How to protect yourself against simplest form of credit card theft

Posted at 11:39 PM, Jul 28, 2014
and last updated 2014-07-28 23:39:14-04

RICHMOND, Va. -- Reviewing bank statements is now a nightly ritual for one Midlothian couple after hundreds of dollars were taken from their account, shortly after the data breach that hit major stores like Target last year.

Alison Markow tells CBS 6’s Lorenzo Hall that she thought her husband, Brant, was keeping a secret.

“It wasn't me. I was not buying stuff and getting into trouble that way. I was assuring her that I was not in Reston going shopping or anything,” Brant said.

Actually, hackers obtained their credit card information and went on multiple shopping sprees in Reston.

“I felt very violated, I guess, that someone had my information and I didn't know what other information they had besides my credit card number,” Alison said.


Then months later, the Markows still don't feel safe, even though companies have taken major steps to keep your money safe with new anti-theft technology.

New technology sounds great, but CBS 6 went to find out how these stores hold up against the simplest form of theft, when someone just steals your card and swipes it at the register.

In recent weeks, CBS 6 News has reported on a number of thieves taking debit and credit cards and then spending hundreds of dollars.

To find out if using a credit card that's not yours is as easy as it seems, Hall handed three cards to our CBS 6 Interns, Krista Willard and Matt Leonard.


One card has a picture on the front, another has no signature and the third, has “check ID" written on the back.

“I’ve used other people's credit cards to buy stuff before.
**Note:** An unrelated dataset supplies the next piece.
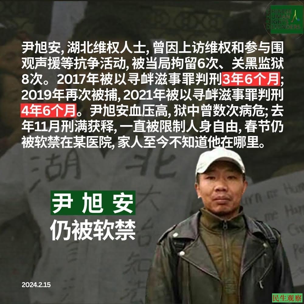 赴京看病而遭强迫失踪的湖北省大冶市人权捍卫者尹旭安已失联半个月 音讯全无 2025年8月25日,本网获悉:曾获刑4年半、出狱后又遭强迫失踪1年4个月的湖北省大冶市人权捍卫者尹旭安赴京看病最终于2025年8月11日晚上在北京上120急救车时被当局绑架,遭拦截遣返,现在已经失联...阅读更多 2025-08-25 2025年8月25日
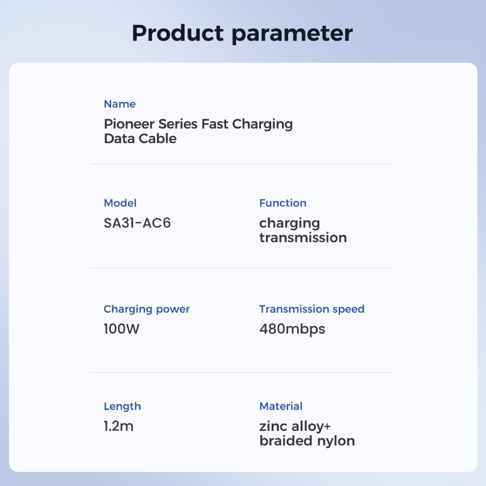 Megbízható energiára van szükséged a tablethez és telefonhoz? A Joyroom Pioneer Series USB-A / USB-C kábel a válasz az igényeidre. 100W teljesítménnyel gyorsan feltöltheted az eszközeidet pillanatok alatt. Ez egy átfogó megoldás az összes töltési igényedhez.

I mean, not ones that were stolen,” Leonard said.

CBS 6 traveled to nearly a dozen stores, chosen at random across central Virginia. Stores like Kroger, Target, Pleasants Hardware and Walmart allow you to swipe your own card, with no mechanism in place to catch thieves.

Pleasants and Kroger only require a cardholder's signature after a certain amount of money is spent. Target said your card must be flagged by your bank or credit card company first for them to notice.

We also tried stores that actually handle your card and swipe for you.

Using the card with no signature first, Leonard was able to freely make purchases at Mongrel in Carytown and Chick-Fil-A.

“He just seemed rushed and didn't seem too worried about it,” Leonard said.

When he tried the card with "Check ID" at Buzz and Ned's and Sugar Shack, the cashier's did check, but still went through with the sale, even when he couldn't produce a matching ID.

“I said, 'It's not my card.' She asked whose it was and I said, 'My friend's,'” Leonard said.

Willard got the same reaction at Arby's, Lamplighter Coffee and Traveling Chic Boutique. Using a card with a picture that clearly doesn't match, Krista was never questioned.

“I figured because of the picture there was a greater chance, it was a little riskier that she would say something, but, I don't even think she flipped the card over and looked at it,” Willard said.


From there, Hall went inside all the stores to find out why and was told, “I’m not sure,” by Lamplighter Coffee, “It was a mistake,” by Mongrel, “This was a slip-up,” by Arby’s, “Employees are supposed to check,” by Chick-Fil-A and “Employees are still training,” by Traveling Chic Boutique.

Buz Grossberg, Owner of Buzz and Ned’s took it a step further. He met with managers immediately after we informed him of our investigation and reminded them about the importance of having cashiers thoroughly check your debit and credit cards.

“We are as much to blame as our cashier because we should be checking them way more often,” Grossberg said.

CBS 6 took our findings to Nancy Thomas, President of the Richmond Retail Merchants Association. Thomas told us, she is disappointed and is urging retailers to better train their staff.

“The responsibility of the retailer is really in the training. It’s not just about giving good product service or the goods that you offer your consumers. It’s about protecting them as well,” Thomas said.

Thomas also urges consumers to better protect themselves by reviewing bank and credit card statements daily.

CBS 6 should note, none of the stores listed have done anything illegal, but are urged to check credit and debit cards if they are not signed or have “Check ID” written on the back.

CBS 6 have not yet heard back from Sugar Shack or Wal-Mart.